Syrian lawyer Michel Shammas said the Syrian people were more capable than the Russians of writing a new constitution. “We are not as incompetent as to need the Russians to impose a foreign constitution on us,” Shammas told the Weekly.

“Lawyer Anwar Al-Bonni produced a new draft constitution in 2005 before he was sent to prison in 2006. That draft was ignored because it was written in the midst of so much suffering.”

Al-Bonni, a well-known Syrian opposition figure, said in 2011 that Syria needed a Constitutional Declaration rather than a new constitution because a referendum on a new constitution would be impossible under wartime conditions.

“A Constitutional Declaration for the interim phase would define the mandate of the government, the transitional authority, and judicial bodies. It would last for two years during which people could recover their sense of normalcy without the pressures of war. Only after that can we discuss a permanent constitution,” he said.
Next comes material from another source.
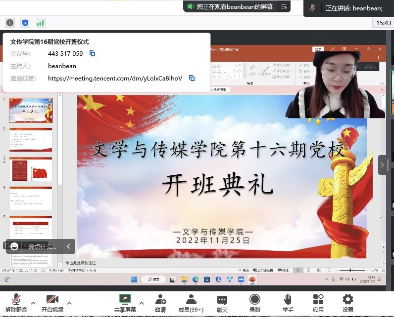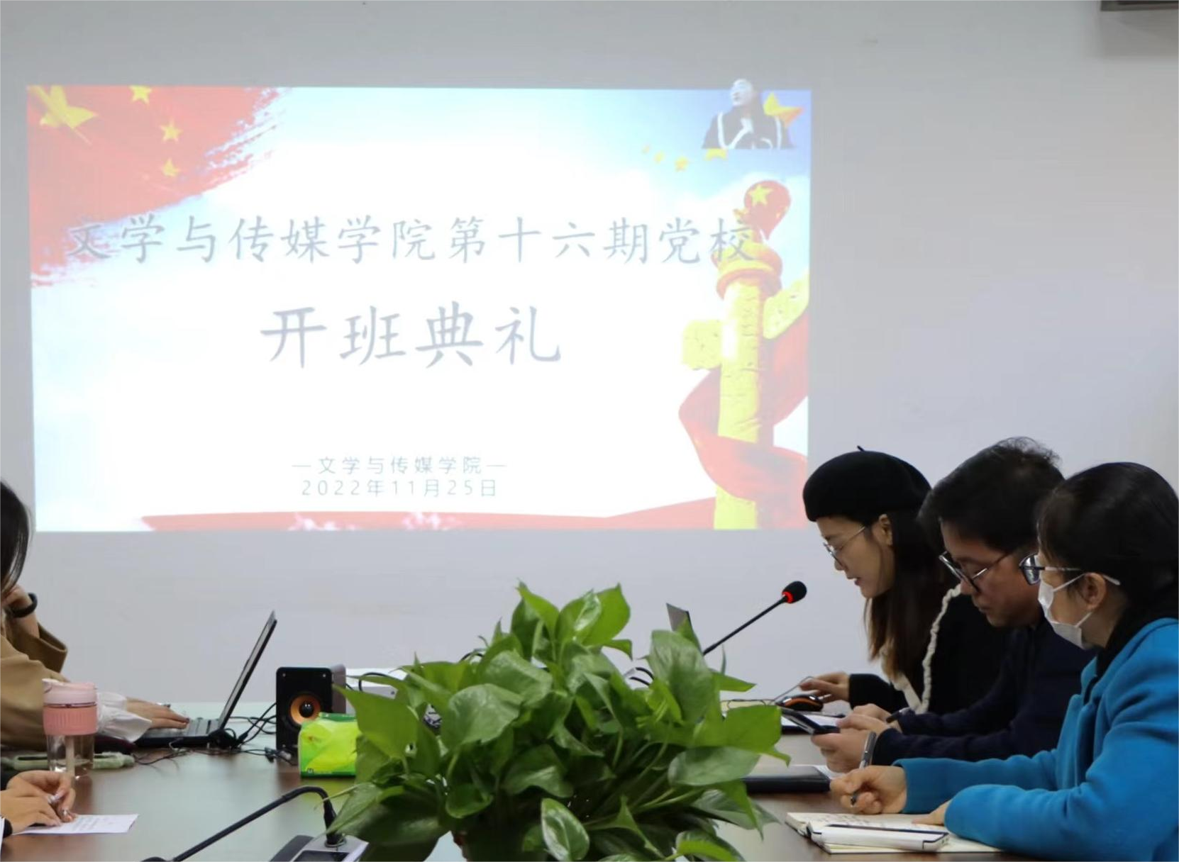 為全面學(xué)習(xí)貫徹黨的二十大精神,進一步引導(dǎo)大學(xué)生堅定理想信念、加強黨性修養(yǎng),根據(jù)學(xué)院黨委部署安排,11月25日中午,文傳學(xué)院在敏行樓會議室隆重召開第十六期黨校開班儀式。開班典禮由兼職組織員任冰冰主持,黨委書記袁鳳琴、副書記孫冰、學(xué)生支部書記沈潔、輔導(dǎo)員劉偌熙、陳旭光及學(xué)員代表準(zhǔn)時參與,其他學(xué)員通過騰訊會議線上參與。

Commenting on the new Russian plan, Al-Bonni told the Weekly that “the Russian game is to divide the Syrian people over the constitution and hand a draft to the armed militia groups that know nothing about the law. This will drive a greater wedge between Syrians and transform the battle from one against tyranny to one between sections of society.”

“Discussions over the constitution should take place in a secure society among a free people. Islamists, secularists, Arabs, Kurds, Assyrians, women, men – everyone should be invited to participate under the roof of a free nation after we have ended the violence and seen the back of the present regime.”

Those who have agreed to read the draft constitution say that it contains ambiguities, such as not specifying the form of the state. It refers to “autonomous Kurdish cultural regions,” the first time such an expression has been used, and the notion of decentralisation is not explained. It also establishes sectarian and ethnic representation, a model that has failed when it has been tried in Iraq and Lebanon.

“Writing a new constitution is easy. But the important thing is achieving consensus on the content of any new constitution,” Jabali said. “Without this consensus, any talk about writing a new constitution is worthless. However, at present half the Syrian population has fled abroad, the country is under occupation, and there is no security or even minimal degree of freedom.”

Observers believe Russia is trying to pre-empt this month’s Geneva Conference on the conflict in Syria by marketing its own new constitution. Russian Foreign Minister Sergei Lavrov told a news conference this week that the Geneva Conference would discuss the draft constitution.

However, the Syrian opposition will attend the Geneva Conference only if it is based on the 2012 Geneva Declaration that calls for the formation of a new government with full powers to begin the transitional phase.

An opposition boycott of the Geneva Conference is almost certain if the meeting’s only goal is to discuss Russia’s draft constitution.